▸ **Task**
For this item, repeat the material exactly while omitting its pictures.

▸ **Supplied information**
· · · · · · ·
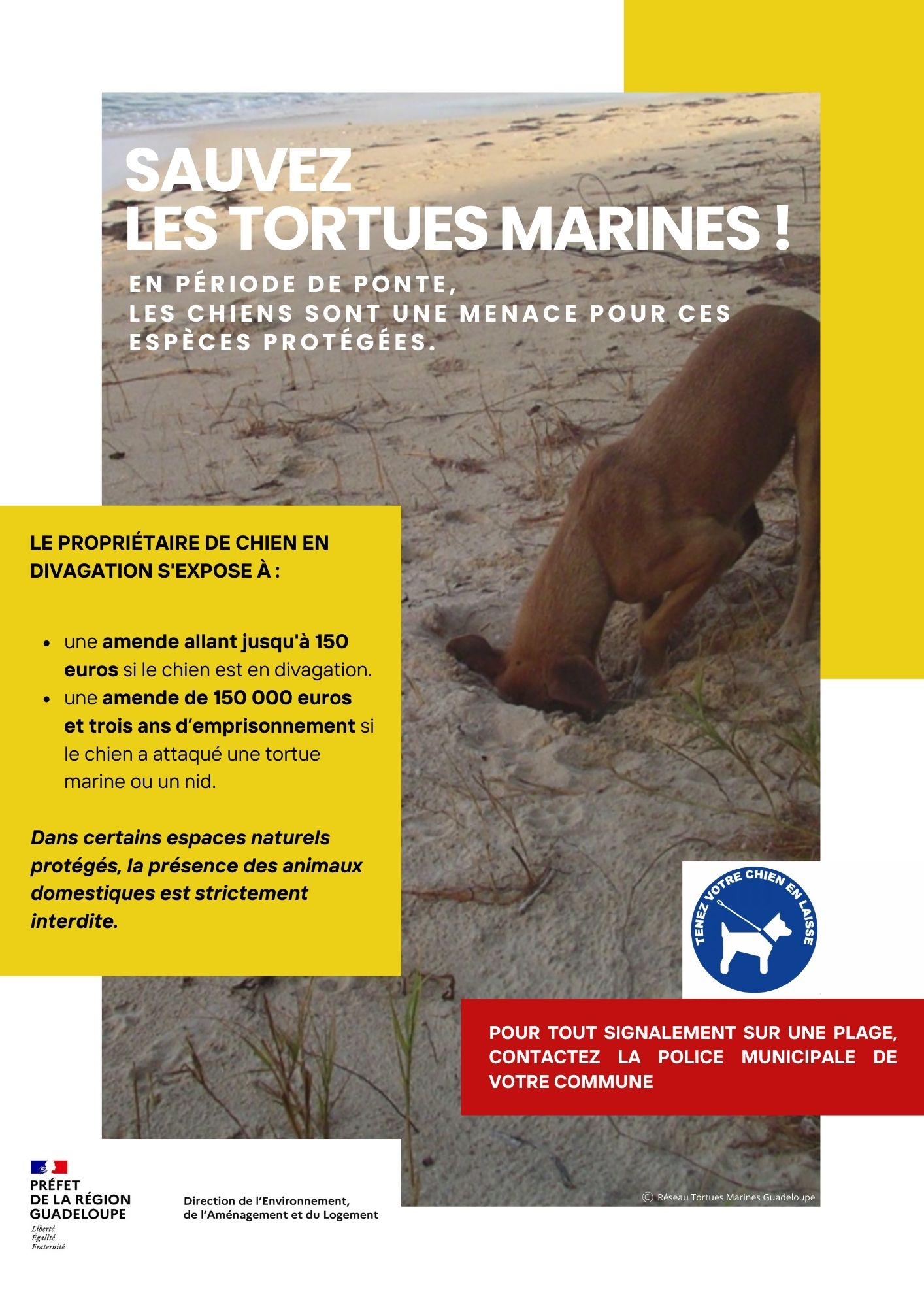 - une amende de 150 000€ et trois ans d’emprisonnement si le chien a attaqué une tortue marine ou un nid
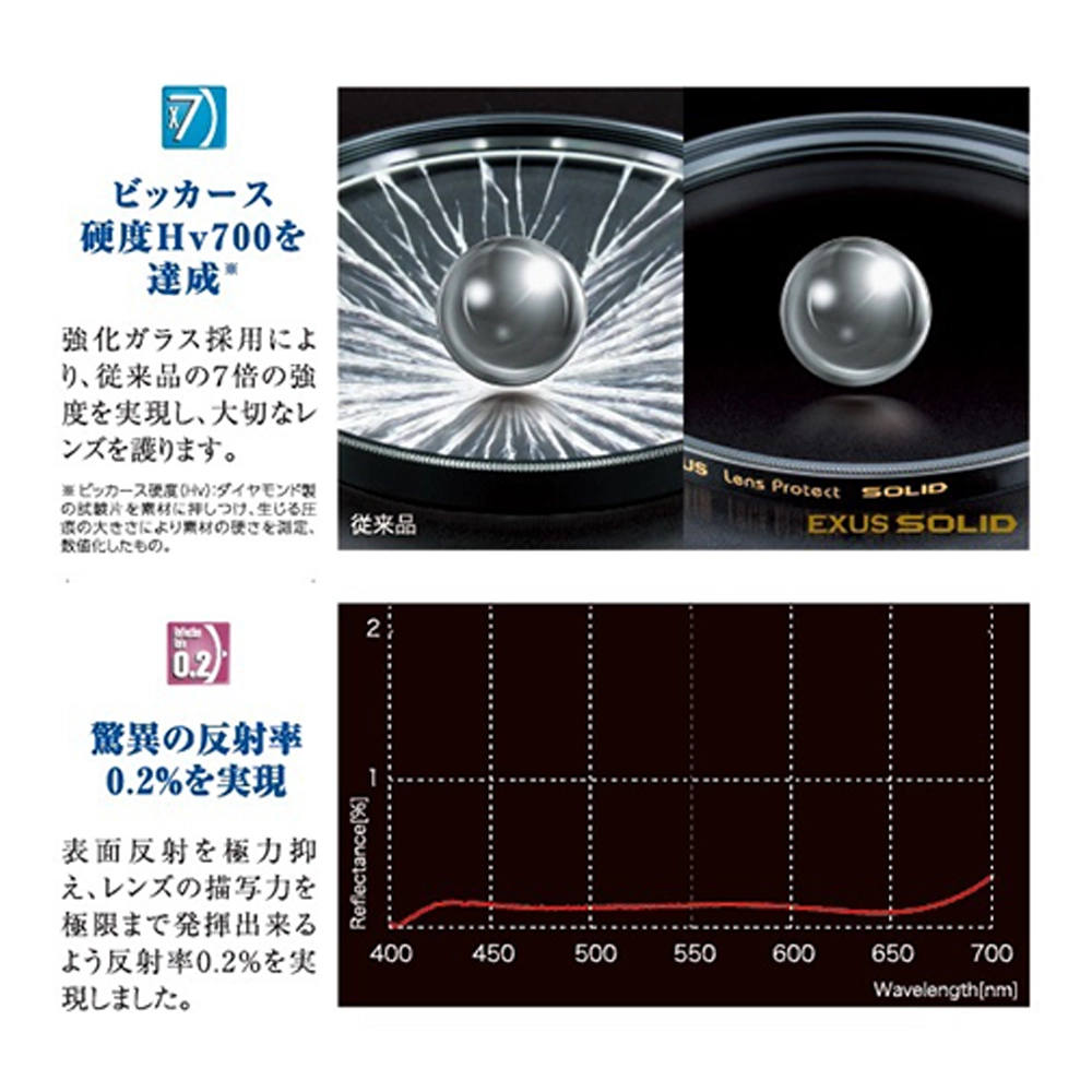 EXUS Lens Protect SOLIDは、マルミのレンズ保護フィルターの最高峰に位置し、 大口径レンズを使用するカメラ上級者のための保護フィルターです。通常のマルミの保護フィルターの約7倍の強度※を有し、登山やトレイルなど、厳しい環境で強い衝撃からカメラレンズを守ります。
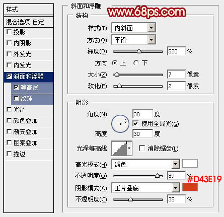 6、选择菜单:图层 > 图层样式 > 斜面和浮雕,设置好后再设置等高线,参数设置如图8,9,效果如图10。
· · · · · · ·
▸ **Exercise output**
 - une amende de 150 000€ et trois ans d’emprisonnement si le chien a attaqué une tortue marine ou un nid
 EXUS Lens Protect SOLIDは、マルミのレンズ保護フィルターの最高峰に位置し、 大口径レンズを使用するカメラ上級者のための保護フィルターです。通常のマルミの保護フィルターの約7倍の強度※を有し、登山やトレイルなど、厳しい環境で強い衝撃からカメラレンズを守ります。
 6、选择菜单:图层 > 图层样式 > 斜面和浮雕,设置好后再设置等高线,参数设置如图8,9,效果如图10。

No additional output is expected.